**YOUR INSTRUCTIONS**
The lines in the listing below are to be given again exactly, starting at the line holding "港股圣诞节休市2天 深股通、沪股通周五起暂停交易" and ending at the line holding "k heb tijdens". Do not include pictures.

[DATA TO USE — start]

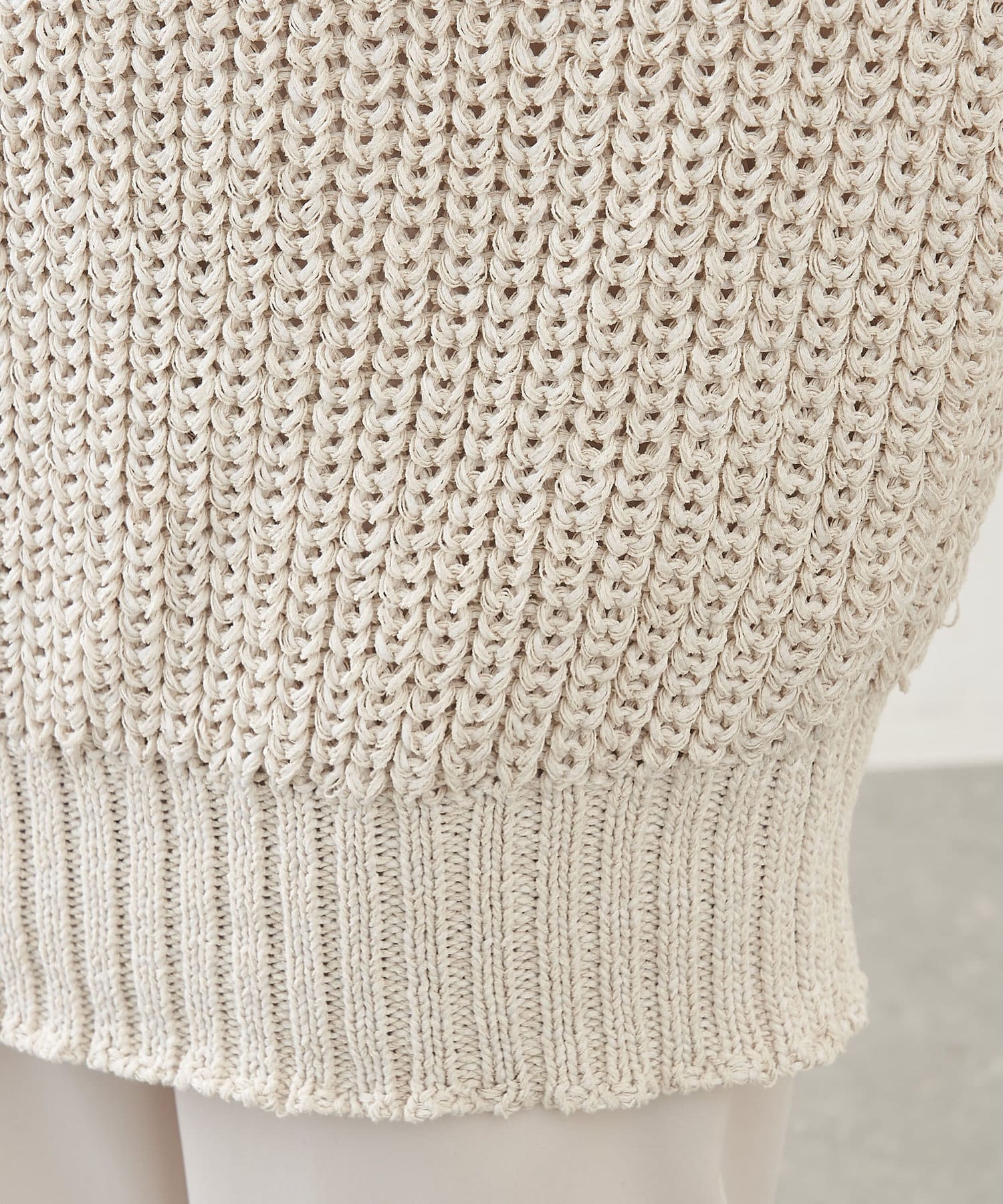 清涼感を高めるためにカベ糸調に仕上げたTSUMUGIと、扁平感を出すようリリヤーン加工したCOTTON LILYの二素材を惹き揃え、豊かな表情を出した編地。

[DATA TO USE — finish]
[DATA TO USE — start]

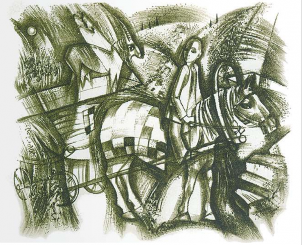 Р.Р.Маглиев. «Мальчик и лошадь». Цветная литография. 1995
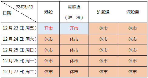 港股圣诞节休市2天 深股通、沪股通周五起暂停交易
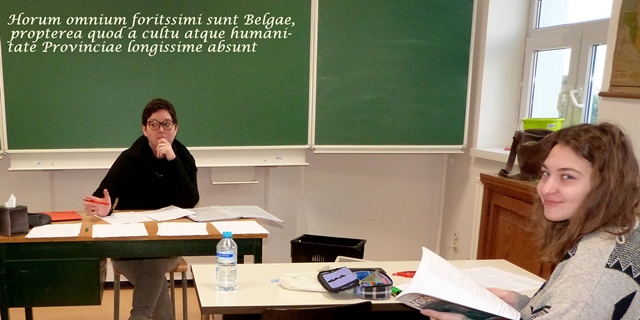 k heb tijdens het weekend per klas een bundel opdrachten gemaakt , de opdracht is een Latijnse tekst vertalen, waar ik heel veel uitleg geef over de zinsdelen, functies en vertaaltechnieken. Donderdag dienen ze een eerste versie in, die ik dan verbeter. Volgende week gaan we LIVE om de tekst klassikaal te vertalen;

[DATA TO USE — finish]

**ANSWER TO THIS TASK**
 港股圣诞节休市2天 深股通、沪股通周五起暂停交易
 k heb tijdens het weekend per klas een bundel opdrachten gemaakt , de opdracht is een Latijnse tekst vertalen, waar ik heel veel uitleg geef over de zinsdelen, functies en vertaaltechnieken. Donderdag dienen ze een eerste versie in, die ik dan verbeter. Volgende week gaan we LIVE om de tekst klassikaal te vertalen;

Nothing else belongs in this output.